LangChain4J in Action: Building a Medical AI Assistant Agent

1. What is LangChain4J?
- 1.1 The Problem LangChain4J Solves
- 1.2 Core Concepts
2. Project Setup
- 2.1 Dependencies
- 2.2 Configuration
3. Your First LLM Integration
- 3.1 Direct API Call
- 3.2 Spring Boot Auto-Configuration
4. Building the AI Service
- 4.1 The Assistant Interface
- 4.2 System Messages
5. Adding Chat Memory
6. Function Calling
7. RAG - Retrieval-Augmented Generation
8. Putting It All Together
- 8.1 Complete Agent Configuration
- 8.2 Controller Layer
9. Best Practices
10. FAQ
11. Summary

1. What is LangChain4J?

1.1 The Problem LangChain4J Solves

Building AI applications involves more than just calling an LLM API. You need to:

Manage conversation context (chat memory)
Connect to external data sources (RAG)
Execute business logic (function calling)
Handle different LLM providers

LangChain4J is a Java library that simplifies integrating Large Language Models (LLMs) into Java applications.

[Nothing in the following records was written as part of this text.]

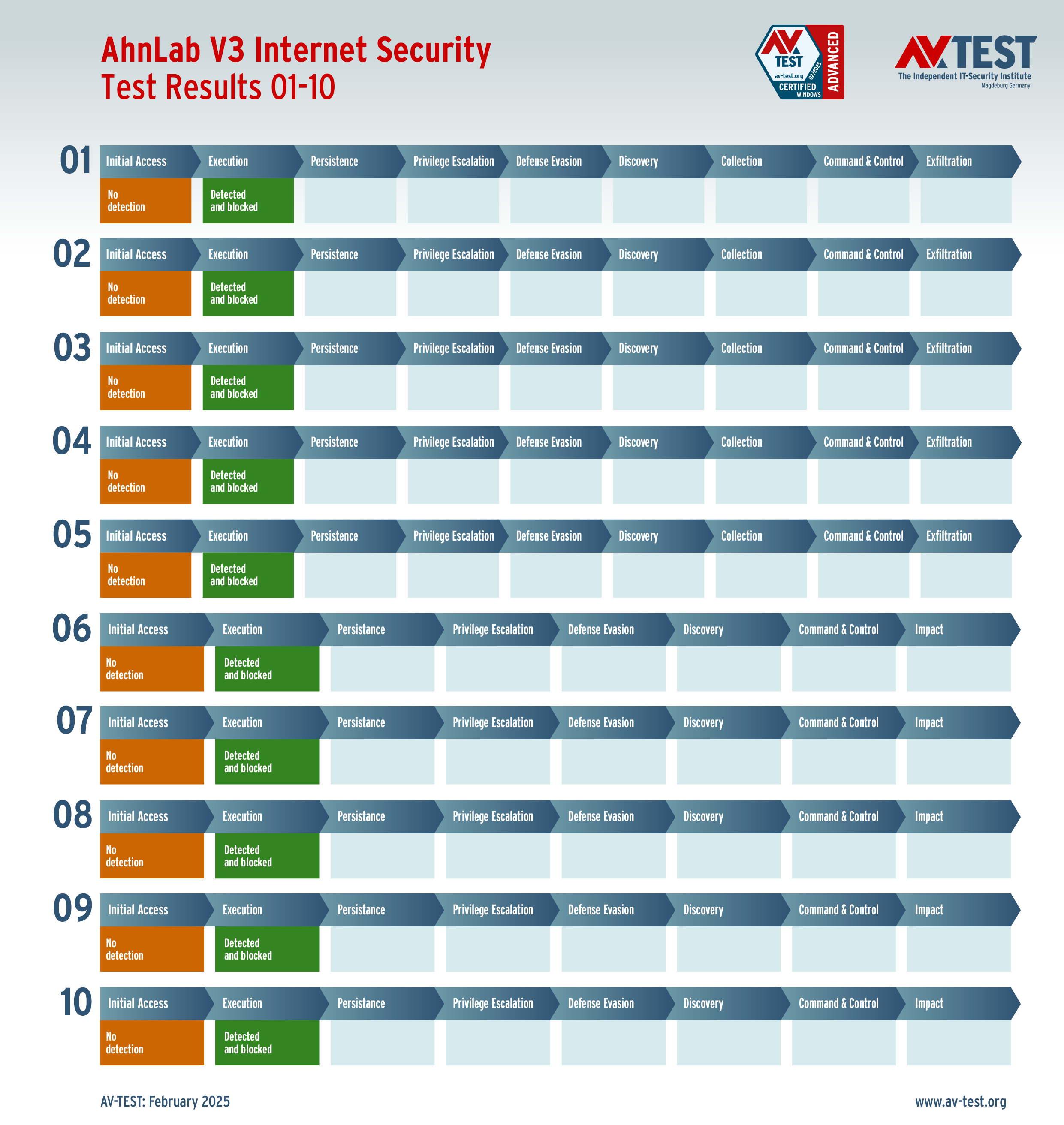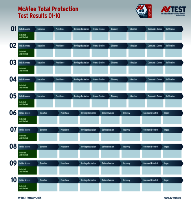 Ausnahmslos alle Angreifer der 10 Szenarien wehren die Produkte von AhnLab, Avast, AVG, Bitdefender, F-Secure, McAfee und Norton ab. Sie erhalten die vollen 35 Punkte.
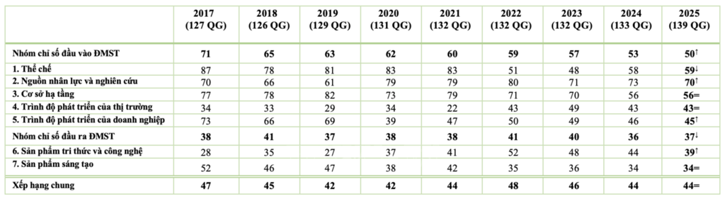 Ông Phạm Đình Nguyên, Giám đốc Học viện Chiến lược Khoa học và công nghệ (Bộ Khoa học và Công nghệ) cho biết: Có thể nói, việc Bộ Chính trị ban hành các Nghị quyết quan trọng như Nghị quyết số 57-NQ/TW về đột phá phát triển khoa học, công nghệ, đổi mới sáng tạo và chuyển đổi số quốc gia, Nghị quyết 59-NQ/TW về hội nhập quốc tế trong tình hình mới, Nghị quyết số 68-NQ/TW về phát triển kinh tế tư nhân... cùng với Luật Khoa học Công nghệ và Đổi mới sáng tạo năm 2025, Nghị quyết số 193/2025/QH15 của Quốc hội về thí điểm một số cơ chế, chính sách đặc biệt tạo đột phá phát triển khoa học, công nghệ, đổi mới sáng tạo và chuyển đổi số quốc gia, được kỳ vọng sẽ tạo động lực cho những phát triển đột phá về về khoa học và công nghệ. Qua đó có thể giúp Việt Nam tiếp tục giữ được thứ hạng trong các năm tiếp theo và nếu làm tốt, đồng bộ Việt Nam sẽ có bước tiến cao hơn thứ hạng hiện nay để hướng đến mục tiêu vào năm 2030, chỉ số GII của Việt Nam thuộc nhóm 40 quốc gia hàng đầu thế giới đúng như mục tiêu của Chiến lược Phát triển khoa học công nghệ và đổi mới sáng tạo đã đặt ra đến năm 2030.
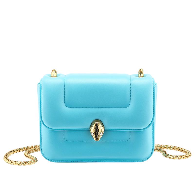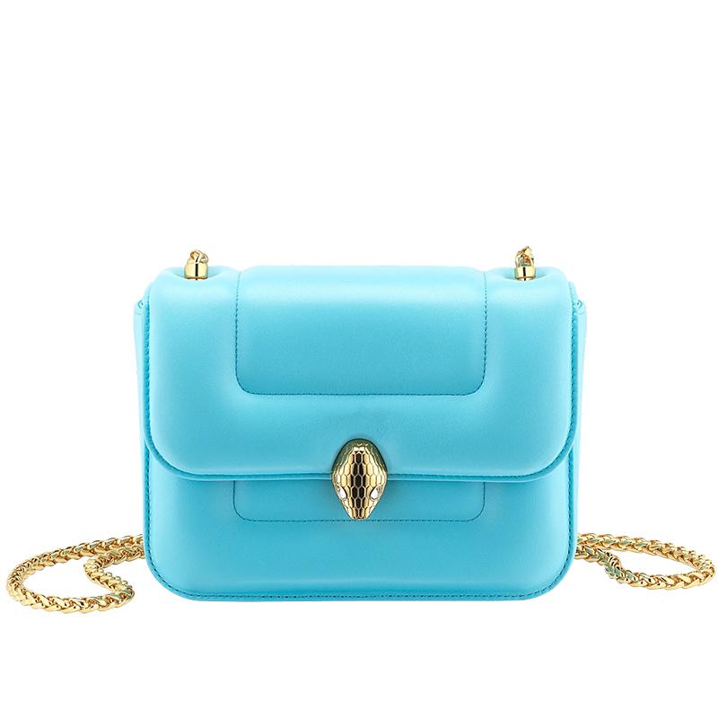 【包稅】預售一個月BVLGARI/寶格麗MARY KATRANTZOU聯名靈蛇蛻變女士藍色柔軟納帕皮Serpenti金色黃銅錶扣水晶蛇頭單肩斜挎手提包291070

It provides:

Feature	Purpose
Unified API	Switch between OpenAI, DeepSeek, Qwen without changing code
Chat Memory	Maintain conversation context across multiple turns
Function Calling	Let LLM call your Java methods
RAG	Connect LLM to your knowledge base
Spring Boot Integration	Auto-configuration and dependency injection

1.2 Core Concepts

User Input → AIService → LLM → Response
                ↓
         [Chat Memory]
         [Tools/Functions]
         [Knowledge Base]

Key Components:

ChatModel: Interface to LLM providers (OpenAI, DeepSeek, etc.)
AIService: High-level abstraction that orchestrates components
ChatMemory: Stores conversation history
Tools: Java methods the LLM can invoke
ContentRetriever: Fetches relevant documents for RAG

2. Project Setup

2.1 Dependencies

Create a Spring Boot project with these dependencies:

<properties>
    <java.version>17</java.version>
    <spring-boot.version>3.2.6</spring-boot.version>
    <langchain4j.version>1.0.0-beta3</langchain4j.version>
</properties>

<dependencies>
    <!-- Spring Boot Web -->
    <dependency>
        <groupId>org.springframework.boot</groupId>
        <artifactId>spring-boot-starter-web</artifactId>
    </dependency>

    <!-- LangChain4J OpenAI (supports OpenAI, DeepSeek, etc.) -->
    <dependency>
        <groupId>dev.langchain4j</groupId>
        <artifactId>langchain4j-open-ai-spring-boot-starter</artifactId>
    </dependency>

    <!-- LangChain4J Core -->
    <dependency>
        <groupId>dev.langchain4j</groupId>
        <artifactId>langchain4j-spring-boot-starter</artifactId>
    </dependency>

    <!-- For RAG -->
    <dependency>
        <groupId>dev.langchain4j</groupId>
        <artifactId>langchain4j-easy-rag</artifactId>
    </dependency>
</dependencies>

<dependencyManagement>
    <dependencies>
        <dependency>
            <groupId>dev.langchain4j</groupId>
            <artifactId>langchain4j-bom</artifactId>
            <version>${langchain4j.version}</version>
            <type>pom</type>
            <scope>import</scope>
        </dependency>
    </dependencies>
</dependencyManagement>

2.2 Configuration

application.properties:

# Server
server.port=8080

# OpenAI / DeepSeek Configuration
langchain4j.open-ai.chat-model.base-url=https://api.deepseek.com
langchain4j.open-ai.chat-model.api-key=${DEEP_SEEK_API_KEY}
langchain4j.open-ai.chat-model.model-name=deepseek-chat

# Logging
langchain4j.open-ai.chat-model.log-requests=true
langchain4j.open-ai.chat-model.log-responses=true

Note: Store API keys in environment variables, never in code.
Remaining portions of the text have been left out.